■ Exercise requirements
Would you copy exactly the lines in the data below from the one that has "Amazon Essentials Women's" through the one that has "会上,中国人民大学社会与人口", dropping any pictures?

=======

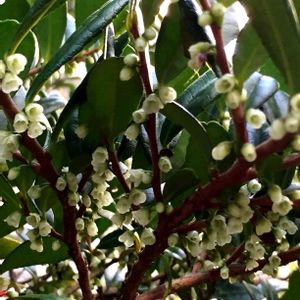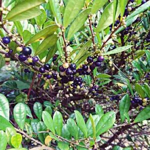 見つけちゃった😊✌️ ち〜〜ちゃい花 ん?黒い実 葉っぱの、間茎に 花が 生垣に、なってます マクロレンズ 所持してたらなぁ お花可愛いかも? 仕事移動中🤣でした〜〜😜
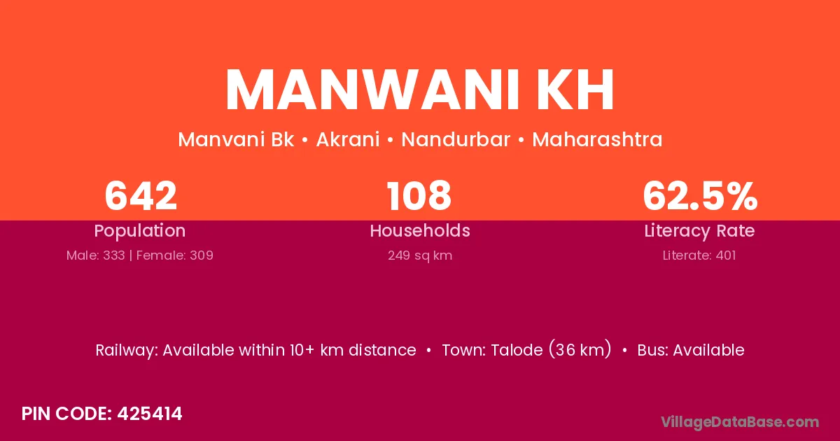 According to Census 2011 information, the village code of Manwani Kh village is 425414.
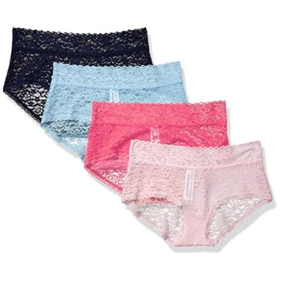 Amazon Essentials Women's Comfortable Lace Stretch Hipster Underwear, Pack of 4, Blue/Pink, 18
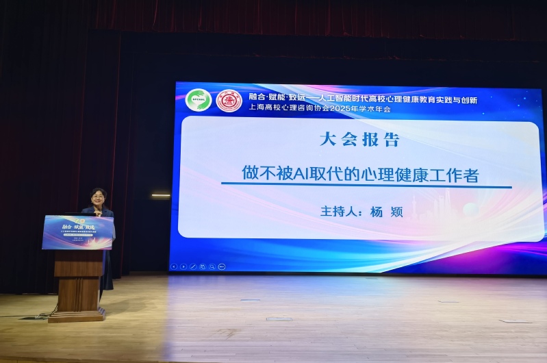 会上,中国人民大学社会与人口学院教授、博士生导师、心理健康教育跨学科平台首席专家俞国良,作了《大学生心理健康问题的时代诠释》的报告。医学博士、世界心理治疗学会主席、知名心理学专家赵旭东教授以《做不被AI取代的心理健康工作者》为题,分享了其深刻洞见。全国高校思政网、中国大学生在线心理健康工作部副主任郑骊君则围绕《数字赋能新时代高校心理健康工作质效提升》进行了阐述。三场主旨报告视角多元,内容前沿,引发与会者的热烈反响。上海高校心理咨询协会常务副理事长兼法人代表、我校心理中心主任杨颎老师应邀担任主旨报告主持人。
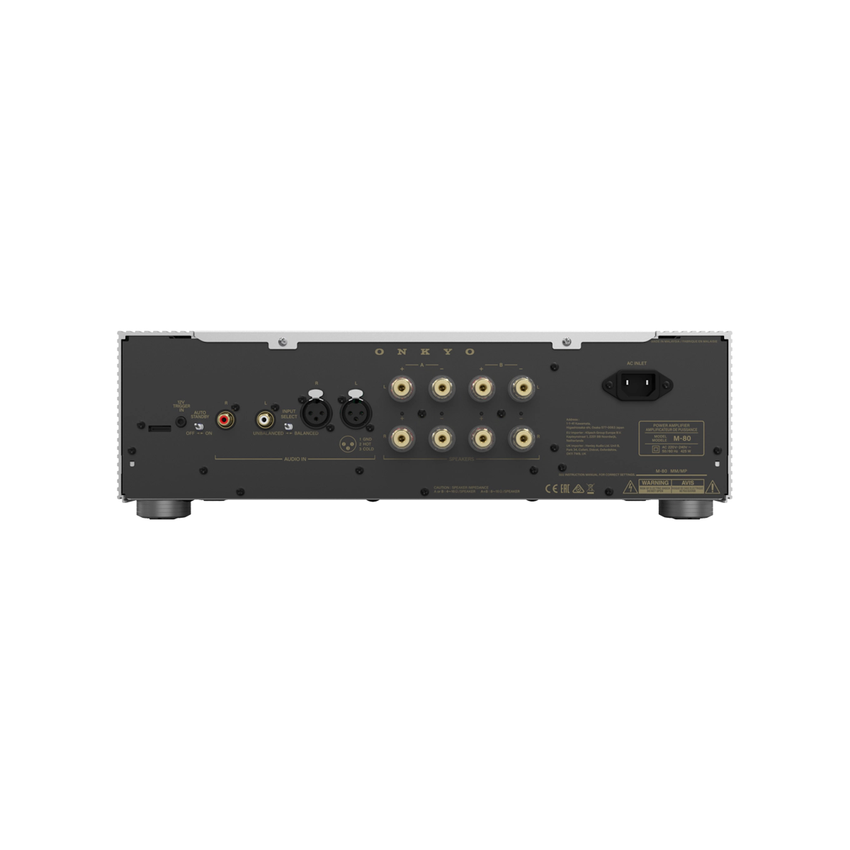 Với công suất đầu ra 130 W/kênh (8Ω, 20Hz – 20kHz, THD 0,07%, 2 kênh hoạt động) và 200 W/kênh (4Ω, 1kHz, THD 0,7%, 2 kênh hoạt động), Onkyo M-80 có thể dễ dàng điều khiển các cặp loa lớn, tái tạo âm thanh giàu độ động và thông tin âm học.
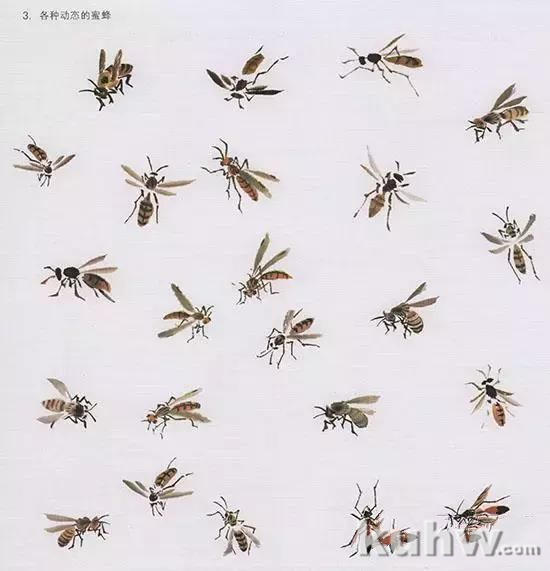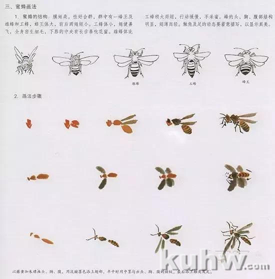 中国国画技法—蜜蜂的结构:膜翅类,性好合群,群中有一蜂王及雄蜂和工蜂,蜂王体大,前后两翅短小。工蜂体小,翅健善飞,全身密生细毛,下唇的中央有长舌善吮花蜜。雄蜂体比工蜂稍大而短,行动缓慢,不采蜜。蜂的头、胸、腹部结构明显,翅薄而轻。触角及足的动态要着意描写,以显示其美。

=======

■ Response
 Amazon Essentials Women's Comfortable Lace Stretch Hipster Underwear, Pack of 4, Blue/Pink, 18
 会上,中国人民大学社会与人口学院教授、博士生导师、心理健康教育跨学科平台首席专家俞国良,作了《大学生心理健康问题的时代诠释》的报告。医学博士、世界心理治疗学会主席、知名心理学专家赵旭东教授以《做不被AI取代的心理健康工作者》为题,分享了其深刻洞见。全国高校思政网、中国大学生在线心理健康工作部副主任郑骊君则围绕《数字赋能新时代高校心理健康工作质效提升》进行了阐述。三场主旨报告视角多元,内容前沿,引发与会者的热烈反响。上海高校心理咨询协会常务副理事长兼法人代表、我校心理中心主任杨颎老师应邀担任主旨报告主持人。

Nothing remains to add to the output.